My invitation came by email, though I wasn’t sure from whom. I pinged a Muslim friend and learned she was going to attend so I turned in my rsvp, “yes.” But what was a Pre-Ramadan dinner? Should I wear a veil? Would I have to take my shoes off? Would the program be long and boring? Would we have to wait until sundown to eat – oh no, thank goodness Ramadan did not start until the following morning.
The event turns out to have been a program of the S.C. Dialogue Foundation who are primarily Turkish. It was quite pleasant, with an eclectic mix of guests, perhaps ¾ of whom were not Muslim. We all visited around for a bit while the hosts scurried to finish putting dinner in place. We watched about a five-minute powerpoint about the five pillars of Islam and then spent our remaining time just talking, making new friends, swapping business cards and email addresses, and enjoying delicious foods for which I have no name (but which did not prevent me from sampling with abandon).

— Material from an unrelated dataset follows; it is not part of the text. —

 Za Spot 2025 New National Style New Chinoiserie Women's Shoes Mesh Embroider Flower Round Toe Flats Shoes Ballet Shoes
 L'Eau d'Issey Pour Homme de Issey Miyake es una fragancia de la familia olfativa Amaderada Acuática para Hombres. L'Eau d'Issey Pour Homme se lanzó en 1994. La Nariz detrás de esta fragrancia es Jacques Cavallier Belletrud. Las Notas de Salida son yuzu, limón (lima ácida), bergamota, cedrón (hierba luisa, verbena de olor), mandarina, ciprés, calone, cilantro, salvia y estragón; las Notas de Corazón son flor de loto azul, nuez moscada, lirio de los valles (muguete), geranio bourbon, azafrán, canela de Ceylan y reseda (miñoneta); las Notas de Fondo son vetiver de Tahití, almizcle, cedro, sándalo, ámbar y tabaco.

Why does a busy Pagan with a full life take time to go to a strange address to eat dinner with people I’ve never met and let them talk to me about their religion? Several things come to mind: first, curiosity, that’s a big one. I want to know everything about everything. I want to understand what makes “those people” think the way they do. I can see they are not so different from me, so what is it that they get out of their religion that just doesn’t do it for me? Oddly, the fear that some people have of interfaith is that it may lure them away from their present religion. Those of us who are involved know that the opposite is usually true. The fresh perspective found in other religions and spiritualities flexes my mind, brings me fresh insight, and leaves me better-grounded in my own faith.

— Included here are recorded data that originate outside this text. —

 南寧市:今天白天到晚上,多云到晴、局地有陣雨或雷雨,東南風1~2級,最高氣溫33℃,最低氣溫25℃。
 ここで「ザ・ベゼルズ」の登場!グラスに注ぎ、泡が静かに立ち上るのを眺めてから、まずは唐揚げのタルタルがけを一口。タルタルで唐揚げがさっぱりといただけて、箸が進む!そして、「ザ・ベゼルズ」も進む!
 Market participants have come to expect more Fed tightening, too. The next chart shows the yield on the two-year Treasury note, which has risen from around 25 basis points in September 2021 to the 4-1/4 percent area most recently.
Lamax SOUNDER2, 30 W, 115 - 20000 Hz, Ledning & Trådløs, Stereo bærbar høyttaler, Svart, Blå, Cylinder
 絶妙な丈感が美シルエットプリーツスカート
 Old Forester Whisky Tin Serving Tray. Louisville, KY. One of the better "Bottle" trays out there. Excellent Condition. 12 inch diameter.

I also go to these things because of the for-me-adventurous food. Feed me and I will come. All kinds of good things happen over food, from laughter back in the kitchen, to the relaxed mood over dinner which leads to heartfelt conversation. I was grateful that our hosts were at ease having a crowd in for a meal. They knew how to make us comfortable, they did not clump up with people they knew and ignore newcomers. With a Turkish engineer who is finishing his PhD here, I discussed the remarkable temple ruins found in Urfu. With my girlfriends Zara and Cheryl (Muslim and UU) we talked about exceptions from fasting, like when you are pregnant, nursing or during your menstrual cycle (also if you are sick, disabled, etc.), and how you can make up the time later in the year, if you wish. We briefly compared the depravation of fasting to the practice of ordeal (e.g., piercing, suspension) by some Pagans and Hindus. I did learn that Muslim fasting is overtly intended to imprint in you the feeling of hunger so that you will always feel compassion for the poor and hungry around you. Charitable giving for the year happens during Ramadan, and it is a percentage of your assets, not your income, and it has to be for immediate human need, like hunger or shelter. Even the Turkish protestors sat down at long “tables” in the streets to share a meal together at sundown last night.

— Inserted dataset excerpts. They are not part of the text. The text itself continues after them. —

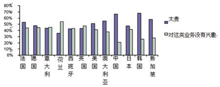 除了每周使用量之外,Ovum還向被調查者詢問是什么因素阻礙了他們通過手機應用上述程序,被提及的最大顧慮是價格昂貴,其次是沒有興趣。在歐洲一些國家,對業(yè)務不感興趣是和費用昂貴同等重要的原因,在荷蘭,選擇對移動業(yè)務不感興趣的比例甚至超過了認為費用昂貴的比例。此外很有趣的是,沒有一個被調查者表示因為手機沒有這些功能而導致無法使用業(yè)務。(見圖4)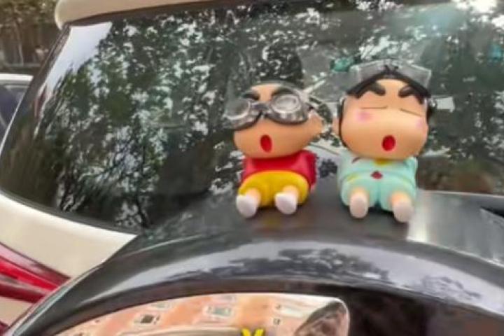 "Esto lo más surrealista que me ha pasado en mucho tiempo. Teníamos dos muñequitos de Shin Chan que le pusimos al coche, y esta mañana al despertarnos solo había uno", ha comenzado contando la española.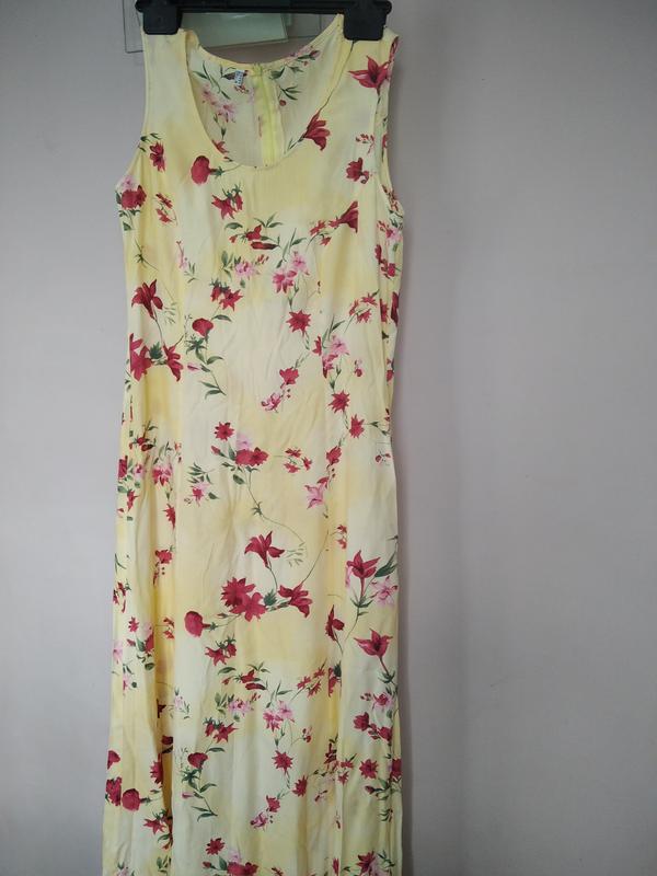 желтая в цветы, на спине молния, 100 вискоза, длина-133, пог-47, пот--41, поб-56

Islam has been the most difficult religion for me to get comfortable with since becoming involved with interfaith. There are some large cultural divides between even moderate Muslim practice and much of who I am as a Pagan. But by deliberately choosing to look for friendships with each other, my Muslim friends and I are learning to live out the slogan on my car bumper, “Coexist.” Coexistence doesn’t mean we understand everything or agree on much. Rather, we are learning a subtle but beautiful dance which enables us to enjoy new relationships with each other. And if we are paying attention, we learn from each other.
A friend made the comment to me recently, “I’m just not cut out for interfaith work.” I replied that I derive a pleasure from it which is similar to visiting new places. It’s like a regular habit of travel, except that my new places are people in all their countless permutations of spirituality, culture, religion, ethnicity, belief, practice, costume, and life experience. And who doesn’t like to travel?